Alejandro Almanza Pereda
Upside down you’re turning me up
26 September – 22 October 2016
16th September – 22nd October, 2016
Upside down you’re turning me up focuses on the artist’s research on the historical still life genre as a means to investigate our perception of reality. With Upside down you’re turning me up Almanza Pereda displays three new bodies of work consisting of a series of five photographs, a video installation and two sculptures.
The presented video portrays a constant research of balance. Fluctuating and sinking objects are visible while moving slowly in an environment that can be recognised as water only after a long observation. Almanza Pereda recreates in his video a moving version of the still life painting by Juan Sánchez Cotán, “Quince cabbage melon and cucumber” (c. 1602). As in the painting, the constant stage of the video is the “cantarero”, traditionally a cooling-space used for preservation where food was to be kept and hung on strings. Music accompanies the dance of the food and brings the spectator into a hypnotic and meditative state. The melody is based on “Tiento 1”, a baroque theme by Spanish composer Antonio de Cabezon, a contemporary of Sánchez Cotán.
In the series of five photographs the choice of the objects shifts from food to embrace all kinds of regular items, small wares and trifles. The objects belong to our everyday life and are easy to recognise, but the artist creates a shortcut in our perception by immersing them underwater. With this gesture he is able to lead us into a different and unusual environment –producing surreal compositions – where the physical laws do not apply and the items are detached from the earthbound of gravity. In this way he attempts to separate the viewer from the ordinary way of seeing the objects and their usage, offering an unexpected – but yet potential – new world with other rules. The ordinary items stand therefore just as an echo of our life.

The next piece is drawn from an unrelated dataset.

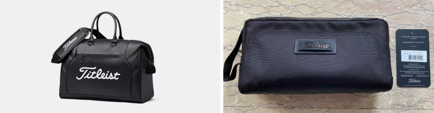 라운딩을 하게 되면 땀이 나는 경우가 많습니다. 보스턴백은 갈아입을 옷이나 신발, 세면도구 같은 것을 넣어가는 가방입니다. 보통은 골프장을 갈 때 평상복을 입고 가서 골프웨어로 갈아입는 경우가 대부분이라 갈아입을 옷과 신발을 보관할 보스턴백이 필요합니다. 보스턴백은 탈의실로 챙겨가서 옷을 갈아입고, 그대로 락커 안에 보관하고 나오시면 됩니다. 미니 파우치는 라운딩 할 때 들고 다니는 건데요. 이 안에는 휴대폰, 골프티, 볼 마커, 선글라스, 핫팩, 차 키, 물이나 간식 등 개인 소지품을 넣고 다니시면 됩니다.

The two sculptures are composed of filled water tanks, vintage furniture and again diverse items recur in the composition. Almanza Pereda uses the furniture as platform to hold the containers – represented by the aquarium – into a different world, playing with the relationship between container and content. The mind fails to anchor what it sees to the parameters of the normality, but on a deeper level this is also the leitmotif of most of still life works: they break with narrative’s scale of human’s laws of narration and importance, allowing us to live an uncanny moment.